任天堂の新社長に6月末に就任する古川俊太郎取締役は日本経済新聞の取材に応じ、スマートフォン(スマホ)向けゲームで早期に現状の数倍の1000億円規模の売上高を目指すことを明らかにした。 業績急回復の原動力となったゲーム機「ニンテンドースイッチ」については、販売地域を中東や東南アジアにも広げ、収益拡大を図る。
「スイッチ」の好調で2018年3月期の連結営業利益が前の期の6倍に膨らんだが、古川氏はスイッチ以外の事業拡大を経営課題に掲げる。古川氏は「今見えている中で一番大きくしたいと思うのがスマホゲーム」と述べた。
任天堂は16年3月にスマホゲームに参入。これまで4本のゲームを配信してきた。ただ、キャラクター使用のライセンス収入などを含めたスマホゲーム関連部門の売上高は18年3月期で393億円と全体の4%にすぎない。
古川氏は「ゲーム機と同様に大きく化けるものが出るというのが任天堂ビジネスの本意」と語り、1本の爆発的なヒット作によりスマホゲーム事業を軌道に乗せる方針を示した。
任天堂は「スーパーマリオラン」などゲーム機で人気の自社キャラクターをスマホ用に特化して作り替えたゲームを開発してきた。参考にするのは米ナイアンティックが開発し、16年に世界的なブームとなった「ポケモンGO」だ。
古川氏とともに取材に応じた君島達己社長(6月末に相談役に就任)は「ストーリーや遊び方をスマホ向けに変えた『ポケモンGO』は大きな気づきになった」と語った。同作に匹敵するゲームを目指すが、古川氏は「(開発中のスマホゲームで)そういうものがあるとは言えない」とも指摘した。
スマホゲーム開発ではサイバーエージェントのゲーム事業子会社、サイゲームス(東京・渋谷)と資本提携する。協業先については「まずは開発現場での意気投合が重要」(古川氏)とした上で今後も拡大を示唆した。
スイッチでは販売地域を増やす。販売代理店を通じて中東や東南アジアを中心に拡販し、約50の国と地域での販売から広げる。スマホゲームへのアクセス数を見ながら参入エリアを検討する。古川氏は「30年以上にわたって日米欧という比較的同じ地域だけで販売してきた。それ以外の新しいことをする対応力に課題がある」と指摘した。

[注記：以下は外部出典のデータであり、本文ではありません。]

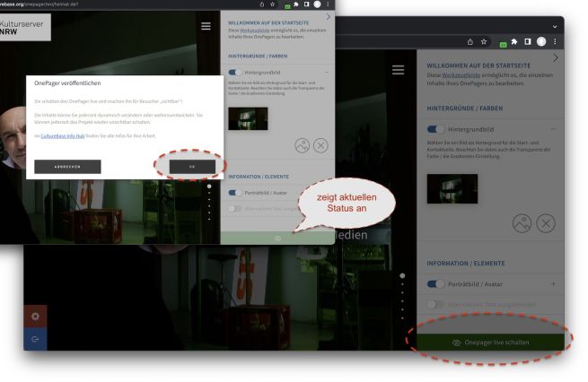 On the one hand, you can control the publication of your OnePager directly in the editor itself. There is a green button for this function at the bottom right

君島氏は古川氏を社長に引き上げた理由について「開発陣の能力の引き出し方を知っており、ここ2年間で次世代の経営の土台を作った実績がある」と語った。古川氏は自身を含む5人の取締役で作る経営会議で意思決定する。古川氏は「商品の目利きで優れている人は他にいて、それが理にかなっているか最終判断を下すのが自分の役割」と話した。